Efforts to retrieve cached versions of the Wolf & Associates website, ones that would include some mention of Joseph Arthur Wolf, were unsuccessful.  In any case, it appears that Wolf & Associates provided lien recovery services to various lien claimants, and, on at least one occasion, offered Joseph Arthur Wolf as an expert witness to carry the requisite burden of proof as to necessity and/or reasonableness of charges.

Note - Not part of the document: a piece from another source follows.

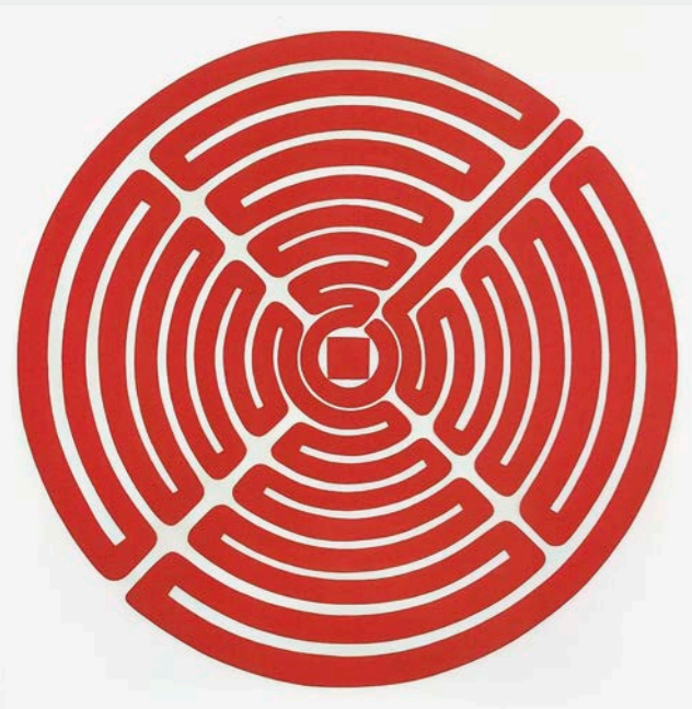
Sieglinde Bölz, Vom weißen zum roten Quadrat , 1990, Acryl auf Baumwolle, 150 x 150 cm

Das verbindende Element der Malerei von Sieglinde Bölz und Beate Knapp sind die intensive Farbigkeit und die Leuchtkraft, welche die Arbeiten prägen. Die den beiden Künstlerinnen jeweils eigene gestische Malfaktur ist dabei in einer Jahrzehnte währenden konsequenten Entwicklung selbstständig gebundener Bildsysteme vorangeschritten, hin zu einem eher ungegenständlich informellen Ausdrucksgehalt. Stand zu Beginn der 1980er Jahre die Figuration noch im Mittelpunkt des Interesses, lösten sich beide Malerinnen rasch von der eigentlichen Darstellung des menschlichen Körpers, bewahrten aber dennoch zugleich beharrlich den Menschen als Bezugspunkt ihrer Arbeit. Grundkonstellationen individueller Existenz und menschlichen Handelns erscheinen nun in Form von Bewegungsspuren in Abwesenheit ihrer Urheber. Bald tauchen sie als unmittelbare malerische Indizien in Gestalt der vom Menschen in alltäglichem Gebrauch verwendeten Dinge auf, bald zeichenhaft übertragen in geistig-philosophische Raumpläne allgemeingültiger geometrischer oder ornamentaler Chiffren, immer aber auf dem jeweils eigenen Weg in die Farbe.
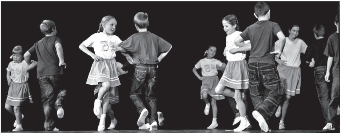
Na scenie uczniowie PSP w Błędowicach.

The defense attorney in that case must have been as diligent as they come – he rooted out the patent fraud and perjury committed by this so-called “expert” and the District Attorney is now involved.  How many other lien-recovery outfits try these sort of shenanigans?  How many times have the succeeded in influencing workers’ compensation Judges to award undeserved funds to lien claimants?

As a member of the defense community, I would also like an investigation into Wolf & Associates – did they know about his background? How often have they retained Mr. Wolf as an expert witness?  Are the facts there to support a charge of conspiracy to commit perjury?  California in general and Southern California in particular are plagued by the devastating effect of liens – when applicants are wondering where all the money is going, they can find the lien claimants siphoning off the defendant’s reserves and litigation budget.  This is an example of the problem.

WCDefenseCA sends a very sincere “good hunting” to the San Diego District Attorney’s Office.